Detecting Anomalous Cost Data in an Integrated Data Warehouse
Data quality is always a key issue when using historical data to predict future costs. Often a small data error in the historical data can lead to much more significant errors in predicted costs. The problem becomes more acute if data is integrated from several sources, the sources systems have evolved, the source systems were not designed to support analysis, or extensive business rules are required to allocate or assign attributes to the data. This paper discusses systematic techniques, used by the Air Force Total Ownership Cost (AFTOC) program, to find anomalous data. The AFTOC program is operated by the Air Force Cost Analysis Agency. AFTOC integrates data from a dozen sources to provide estimates of operating and support costs for weapon systems and provides this integrated view to variety of users. AFTOC is the primary source of Air Force weapon system data for operating and support cost analysis.

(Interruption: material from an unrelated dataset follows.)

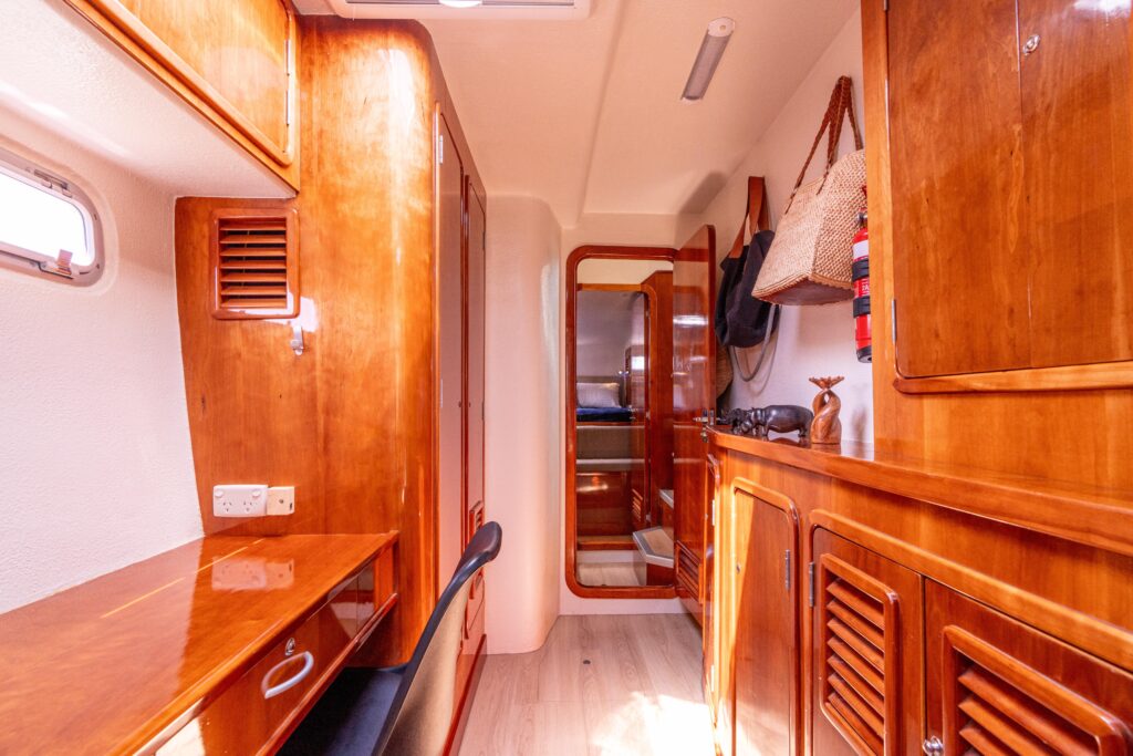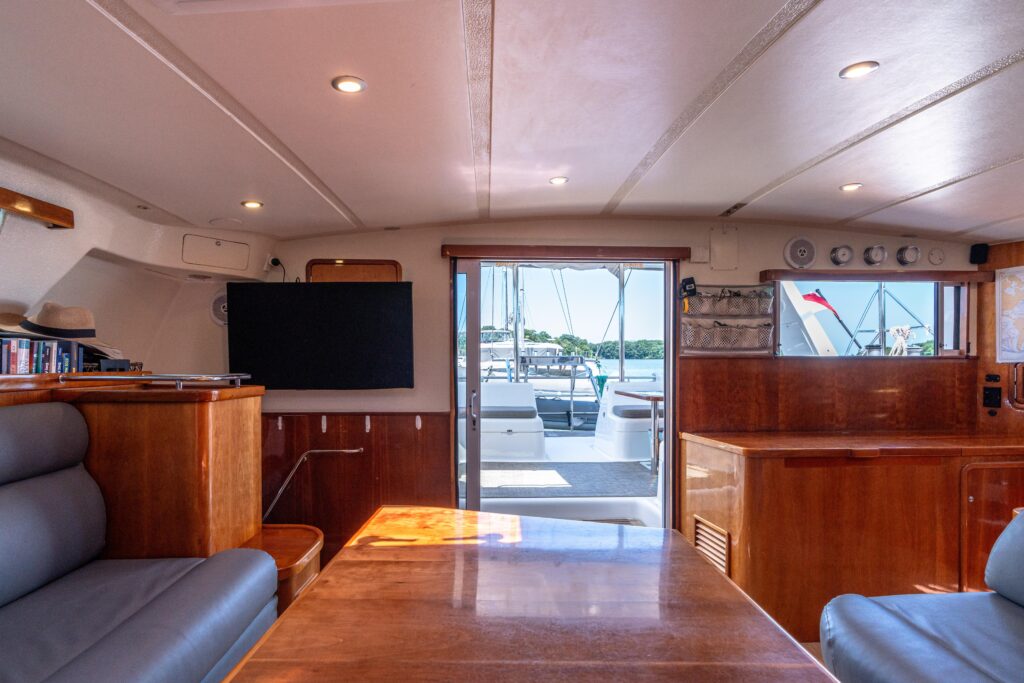 Atlas features a 4-cabin, 3-head, galley-down layout finished in elegant cherry wood, which was fully refinished in 2019. Like all St. Francis 50s, shes a semi-custom build constructed using vacuum-infused vinylester/epoxy resin and Corecell foam core, with CE Category A (Ocean) certification. The build quality, attention to detail, and structural integrity set her apart from production catamarans in this size range.

We integrate data from financial, budget, supply, fuel, personnel, maintenance, depot, and ammunition systems. We try to provide the highest quality data and warn our consumers when there are known problems that are impractical to correct. This paper focuses on the part of that quality effort that reviews the data for inconsistencies. We consider two different types of inconsistencies: data from different sources and time series of data. We know the data is not perfect so our primary concern is not to find individual errors, but to identify significant anomalies in patterns of data that could lead to the specious analysis and bad decisions. The data anomalies may be due to bad source data, errors in processing, or real changes in Air Force operations. Over the last few years, we have developed a comprehensive approach to detecting these anomalies. First, we devise a model that should be supported by the data (e.g. annual costs for replacement parts, adjusted for inflation, should be proportional to the hours flown.) Next, the warehouse is divided into subsets that represent a large enough statistical sample (e.g. the annual costs for a each type of aircraft at each base in each major cost category). Then, we define a quality metric to measure how well each subset fits the model (e.g. residuals from a linear regression, correlation of flying hours and fuel use). Finally, we analyze in detail the subsets with the worst metrics. This approach has provided several benefits to the AFTOC program. The quality of our data has improved, since we have found and fixed many issues due to incomplete source feeds, changes in source feeds, and processing mistakes. We have warned our users of issues that they should understand before they use our data. Perhaps most importantly, we have improved our understanding of the strengths and weaknesses of our data.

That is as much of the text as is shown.